Guide
LLM FP8 inference explained
Harbor Analytics' internal chat gateway served a 70B model in BF16 on four H100s. Throughput plateaued at 1,200 tokens per second with batch size 32 — enough for dashboards but not for the overnight batch summarization jobs that product wanted. Engineers first tried aggressive INT4 weight quantization via GPTQ. Memory halved, but finance and SQL prompts regressed: wrong decimal places, dropped GROUP BY clauses, and brittle JSON tool outputs.
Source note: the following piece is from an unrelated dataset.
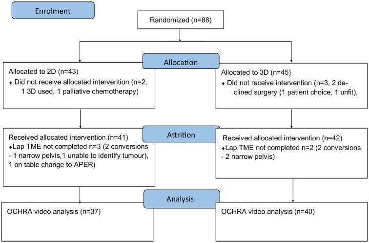 Methods: A multicentre developmental randomised controlled trial comparing 2D and 3D laparoscopic TME was performed (ISRCTN59485808). Trial surgeons were colorectal consultants that had completed their TME proficiency curve and underwent stereoscopic visual testing. Patients requiring elective laparoscopic TME with curative intent were centrally randomised (1:1) to 2D or 3D using Karl Storz IMAGE1 S D3-Link™ and 10-mm TIPCAM®1S 3D passive polarising laparoscopic systems. Outcomes were enacted adverse events as assessed by the observational clinical human reliability analysis technique, intraoperative data, 30-day patient outcomes, histopathological specimen assessment and surgeon cognitive load.

Switching to FP8 inference on Hopper tensor cores recovered most of the speedup while keeping MMLU-style accuracy within 0.3 points of BF16. FP8 is not a magic “free half precision” button — it is a narrow, hardware-coupled format that only pays off when scaling, kernel fusion, and eval gates are done correctly.
FP8 (8-bit floating point) uses the same exponent-mantissa layout as FP16 but with fewer bits, enabling 2× throughput on NVIDIA Hopper and Blackwell tensor cores when both operands are FP8. Unlike integer post-training quantization, FP8 preserves floating-point semantics — dynamic range via exponents — which tends to hurt reasoning tasks less than INT4. This guide covers E4M3 vs E5M2 formats, per-tensor scaling, weight-only vs weight-and-activation FP8, interaction with the KV cache and FlashAttention kernels, the Harbor Analytics gateway refactor, a technique decision table, pitfalls, and a production checklist.
What FP8 is and why it exists
Standard LLM serving runs matrix multiplies in FP16 or BF16. Each multiply-accumulate loads 16 bits per weight and activation. Hopper-class GPUs expose dedicated FP8 tensor core instructions that perform the same GEMMs at 8 bits per operand, roughly doubling math throughput when memory bandwidth is not the sole bottleneck.
Two FP8 encodings dominate LLM work:
- FP8 E4M3 — 4 exponent bits, 3 mantissa bits. Higher precision, smaller dynamic range. Typically used for weights and sometimes forward activations where values are well-scaled.
- FP8 E5M2 — 5 exponent bits, 2 mantissa bits. Wider range, lower precision. Often used for gradients in training and for activation tensors with heavy outliers during inference.
Inference stacks commonly store weights in E4M3, cast activations to E4M3 or E5M2 per layer, and accumulate partial sums in FP16 or FP32. The format is standardized in NVIDIA's Transformer Engine and adopted by vLLM, TensorRT-LLM, and PyTorch 2.x inductor paths. Without Hopper-or-newer hardware, FP8 kernels either fall back to slower emulation or are unavailable entirely.
Per-tensor scaling: the piece teams skip
Raw FP8 cannot represent the full dynamic range of a 70B transformer layer in one shot. Production FP8 therefore uses per-tensor (or per-block) scaling factors: before quantizing a tensor to FP8, divide by a scale s chosen from the tensor's absolute maximum (or a percentile to ignore outliers). After the GEMM, multiply the result by the product of input and weight scales.
Scaling can be:
- Static — computed once offline from calibration batches and baked into the checkpoint. Low runtime overhead; risky if production prompts differ from calibration data.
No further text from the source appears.